Garcia had only two years of schooling. Born on his grandfather’s ranch at Anton Chico in 1910, Ernest knew nothing but work from daylight to dark.

He was one of five bothers with seven sisters. When he thought he had learned all he needed to know about horses and ranching he hopped a freight train and rode the rails to Texas, to Colorado, and ended up in Wyoming where he started work on a ranch. There he worked with sheep and tried his hand at raising sugar beets and fell in love with the farmer’s daughter.

Her name was Flora Chavez and they were soon married.

As man and wife they settled down near a town called Wheatland, Wyo., which is about the size of Portales.

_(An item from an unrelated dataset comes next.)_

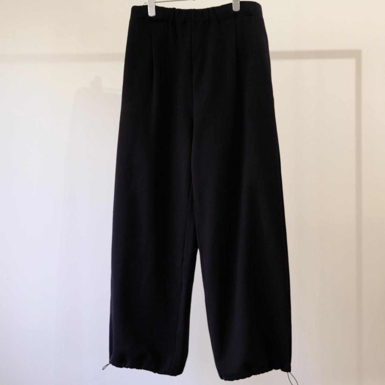 タックを入れ、スラックスライクなデザインにしたワイドスウェットパンツ。

Besides raising sugar beets, they raised three boys: Daniel, Rudy, and Charlie. Rudy said his dad’s grandfather sold the ranch at Anton Chico and the whole family moved to Clovis, except for Ernest Garcia and his family. Rudy’s father went to work on a railroad section gang near Laramie, Wyo.

When Rudy was 6 in 1950, his family moved to Clovis. He said his father was tired of all that cold weather in Wyoming.

In Clovis, Ernest Garcia started working for the Santa Fe Railroad. But with only six months on and six months of the year laid off, he quit and found work at the Texico Port of Entry.

He also worked at the polls during elections, and became well acquainted with most of the Hispanics in Clovis and Curry County.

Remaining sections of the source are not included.